Arafat foi um terrorista e tem certamente as mãos manchadas de sangue, porventura inocente. Mas isso também é verdade para os generais israelitas e para os seus dirigentes políticos. Já vi escrito e dito repetidas vezes que “o terrorismo é sempre condenável” Mas não é. Tal como a guerra é a continuação da política por outros meios, o terrorismo é a continuação da guerra por outras formas. Quando os poderes em guerra são demasiado díspares, o terrorismo pode ser o último recurso de um povo oprimido. Sempre foi assim e, felizmente é-o cada vez menos, mas sempre há-de ser assim. Por isso, dizer que “o terrorismo é sempre condenável” é o mesmo que dizer que “a guerra é sempre condenável”. É-o de facto e nisso até monsieur de La Palisse concordaria.Mas essa não é a questão. A questão é se foi ou não, legítimo, no passado, que o povo palestiniano, liderado por Arafat, tivesse lutado pela sua liberdade usando o terrorismo como arma. Se foi legítimo no passado, então deve ser legítimo no presente, sobretudo no momento em que Arafat parte deste mundo. Quando visitou Portugal, no pico da “popularidade” da causa palestiniana, Arafat foi recebido pelo Primeiro-Ministro e teve honras de Estado (ou quase; não conheço em detalhe o protocolo).
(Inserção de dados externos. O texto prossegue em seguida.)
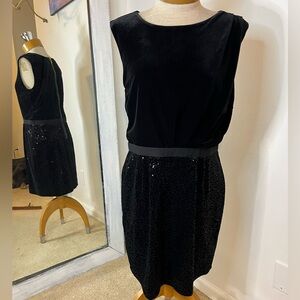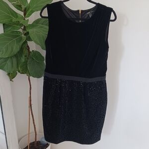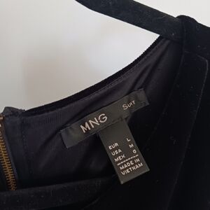 Mango or MNG dress. Excellent condition. Like new. The upper part of the dress is black velvet and the lower part is a sequined skirt. It is lined with a soft fabric underneath so the sequined part is not an issue on the skin. It has a gold zipper on the back from the top of the neck to the waist.
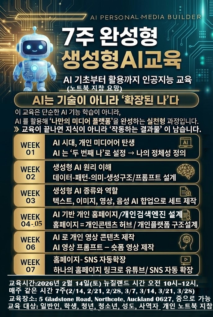 개강 2026년 2월 14일(토) 뉴질랜드 시간 오전 10시-12시, 줌 시간 한국시간 2월 14 토요일 오전 6시-8시 매주 같은 시간 7주 (2/14, 2/21, 2/28, 3/7, 3/14, 3/21, 3/28)

Não me parece que, agora, a presença de um Ministro de Negócios Estrangeiros seja suficiente para prestar homenagem a uma personalidade com a estatura mundial de Arafat e não tenho dúvidas que o Primeiro-Ministro ou o Presidente estariam presentes caso tivesse morrido outro estadista “legítimo” da mesma estatura mundial. Como será quando Fidel morrer? Admito que estarmos representados ao mais alto nível nas exéquias de Arafat seria hoje politicamente incómodo. Mas também acho que seria politicamente corajoso.

Arafat no Público

Apresentar Arafat como “O homem que perdeu a guerra e não ganhou a paz” parece-me um desvio de alinhamento ideológico da direcção do Público, um jornal que leio justamente por pensar que é o menos alinhado – ou o mais aberto ao “contraditório” – que conheço.
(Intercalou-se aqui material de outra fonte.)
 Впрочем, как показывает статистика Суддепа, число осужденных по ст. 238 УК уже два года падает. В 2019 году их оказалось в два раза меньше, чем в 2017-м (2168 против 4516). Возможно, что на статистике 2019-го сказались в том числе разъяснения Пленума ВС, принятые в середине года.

Arafat é justamente uma das figuras mundiais do final de século XX e princípio de século XXI que mais inquietações ideológicas suscita. E, bem pesados todos os argumentos, a asserção até pode ser verdadeira. Creio mesmo que o é. Mas apresentar Arafat como um homem duplamente falhado é esquecer o quanto ele fez pela causa palestiniana. E nem me refiro aos combates ou aos atentados. Refiro-me apenas e só à projecção internacional e à “simpatia” que os palestinianos suscitam em muitos pontos do mundo. Se há causa terrorista que acolhe simpatias um pouco por todo o mundo, é a causa palestiniana. Se há causa terrorista que desafia o princípio de que “o terrorismo é sempre condenável”, é a causa palestiniana. E isso é obra de Arafat.
Arafat ajudou a colocar a questão palestiniana na agenda internacional, mas, sobretudo, deu à causa palestiniana um rosto simpático e passou bem a mensagem de um povo oprimido que luta pela sua libertação. Há e houve muitos movimentos terroristas no mundo, mas não me ocorre nenhum que tenha tido a “popularidade” do movimento palestiniano. Independentemente do peso político específico da questão palestiniana, essa é uma conquista de Arafat. E está longe se ser um falhanço.Por isso, acho que a figura de Arafat e o seu “efeito no mundo” é certamente mais complexo do que o maniqueísta título de primeira página do Público deixa entender.